Air bag stoichiometry refers to the ideal ratio of fuel to air required for airbags to function optimally and safely. This ratio ensures the efficient and complete combustion of the propellant, typically sodium azide (NaN3), used to inflate the airbag.

The stoichiometric ratio for airbag deployment is crucial because:

1. Complete Combustion: Achieving a stoichiometric mixture ensures that all the sodium azide propellant is consumed during combustion. This prevents the formation of partially burned fuel particles, which can lead to incomplete deflation or even reignition of the airbag, posing safety risks.

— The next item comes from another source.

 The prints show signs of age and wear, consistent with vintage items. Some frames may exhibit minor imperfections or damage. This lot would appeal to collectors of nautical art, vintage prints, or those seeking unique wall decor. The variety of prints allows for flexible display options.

2. Nitrogen Generation: During airbag inflation, sodium azide undergoes a rapid decomposition reaction, releasing nitrogen gas as the primary inflation agent. Stoichiometric conditions guarantee the production of sufficient nitrogen, ensuring the airbag's rapid and effective deployment.

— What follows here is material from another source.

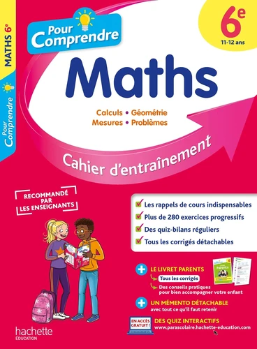 Un cahier d'entraînement efficace pour accompagner le collégien toute l'année ! Les rappels de cours indispensables280 exercices progressifs pour bien s'entraînerDes quiz-bilans pour se tester régulièrementTous les corrigés détachables au centre du cahierDes QUIZ INTERACTIFS gratuits sur : parascolaire. hachette-education. com

3. Temperature Control: The stoichiometric ratio helps regulate the temperature generated during the combustion process. Proper stoichiometry prevents excessive heat production, which could damage airbag components and potentially cause burns to the vehicle's occupants.

4. Minimizing Residual Gas: Ensuring stoichiometric conditions helps minimize the amount of unreacted reactants, such as excess fuel or air, inside the airbag after deployment. This reduces the risk of unwanted chemical reactions or potential explosions within the airbag.

Overall, achieving airbag stoichiometry is critical to ensure the reliable, safe, and efficient functioning of airbags, providing essential protection to vehicle occupants during accidents.